Where should AI policy ownership sit, HR, Legal, or RecOps?
Joint ownership with one accountable lead. Legal owns the data-handling and disclosure requirements (regulatory, contractual, jurisdictional). HR or People owns the employee-side policy (training, expectations, performance implications). RecOps or TA Ops owns the operational policy that actually shapes recruiter behavior (which tools, which workflows, which audit cadence). The accountable lead is usually the head of TA or RecOps, because they own the workflow the policy has to survive contact with.
What should I tell candidates about AI in our hiring process?
Three things, in plain language: which AI tools we use (notetakers, summaries, AI Filters, application review), what they do (capture, organize, summarize, never reject autonomously), and how to opt out. Put it in the ATS invite, not buried in the application terms. The SoSafe pattern is the cleanest template we've seen: the option is built into the invite, candidates can say yes or no, and the vast majority say yes because the disclosure happens before the call.
How often should I audit the policy?
Quarterly is the right cadence for the first year. Three checks per audit: (1) the tool inventory (anything new in flight not on the list?), (2) the human-in-the-loop map (any stage where humans are reviewing decisions the AI should now handle, or vice versa?), and (3) the three outcome metrics (alignment at kickoff, time-to-decision, quality-of-hire by stage). After a year, move to twice yearly, plus an out-of-cycle audit any time a new AI tool gets added or a regulator publishes new guidance.
How do I roll out an AI policy without a top-down mandate?

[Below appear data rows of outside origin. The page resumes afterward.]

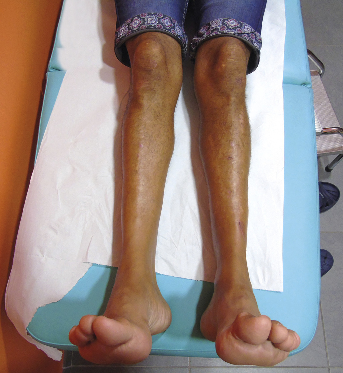 L’examen montre une importante amyotrophie des membres inférieurs associée à des pieds creux.
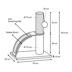 Material: felpa suave (200 g/m²) | Poste rascador con cuerda para rascador de yute (4 mm) | Grosor placa base: 1,5 cm y diámetro poste rascador: 7,5 cm | El revestimiento de goma proporciona a tu gato un maravilloso masaje | Con juguete con cascabel para gatos para que disfruten jugando
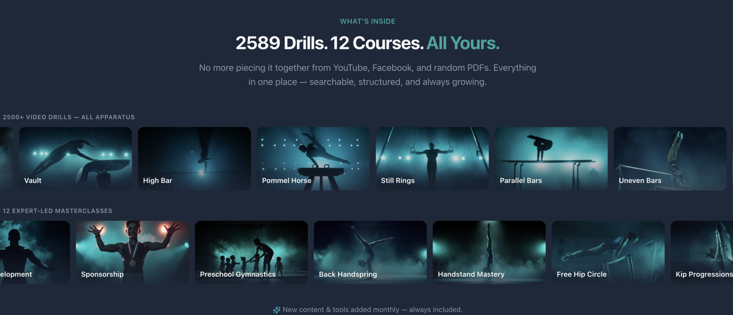 New content is added to the platform every month. The Gymnastics Tools content team works together with experienced coaches and experts to continuously expand the platform with:
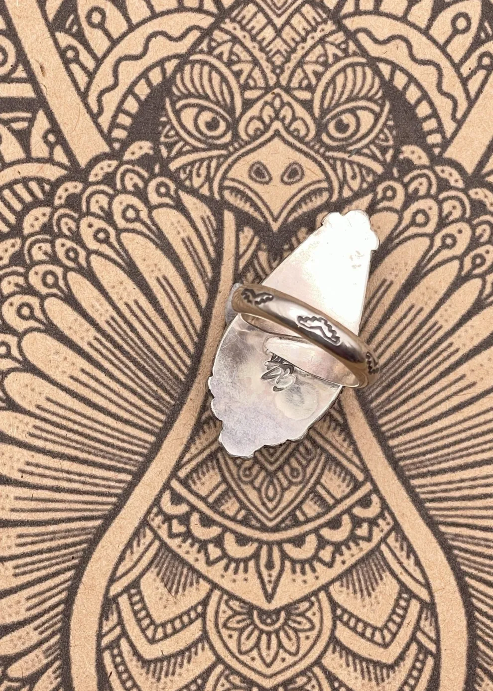 Handmade in California, this one-of-a-kind sterling silver ring features a vibrant turquoise gemstone, set in a sterling silver scalloped bezel and framed by twisted/beaded deco wire for an elegant, handcrafted touch. This unique design highlights the beauty and timeless appeal of turquoise, making it a meaningful and stylish statement piece.

Find your three to five AI-curious recruiters and ask them to pilot the policy on their own reqs for two sprints. Document the workflow they actually use, not the workflow you wished they'd use. Then ship the policy as a how-we-work document with those recruiters as the named champions. Mandate from the top tends to produce shadow workarounds; champion-led rollout tends to produce real adoption, because the policy was written from the recruiter's seat.
Does my AI policy need to address the EU AI Act, NYC bias audit law, or other AI regulations?
If you hire candidates in any jurisdiction with active AI-in-hiring regulation, then yes. The specifics depend on which AI tools you use and which decisions they influence, which is why the tool inventory has to come first. Get Legal involved early in any jurisdiction where you have real hiring volume. The point of the policy isn't to recite the regs back to candidates; it's to make sure your operational reality matches what your disclosure says, in every jurisdiction where it matters.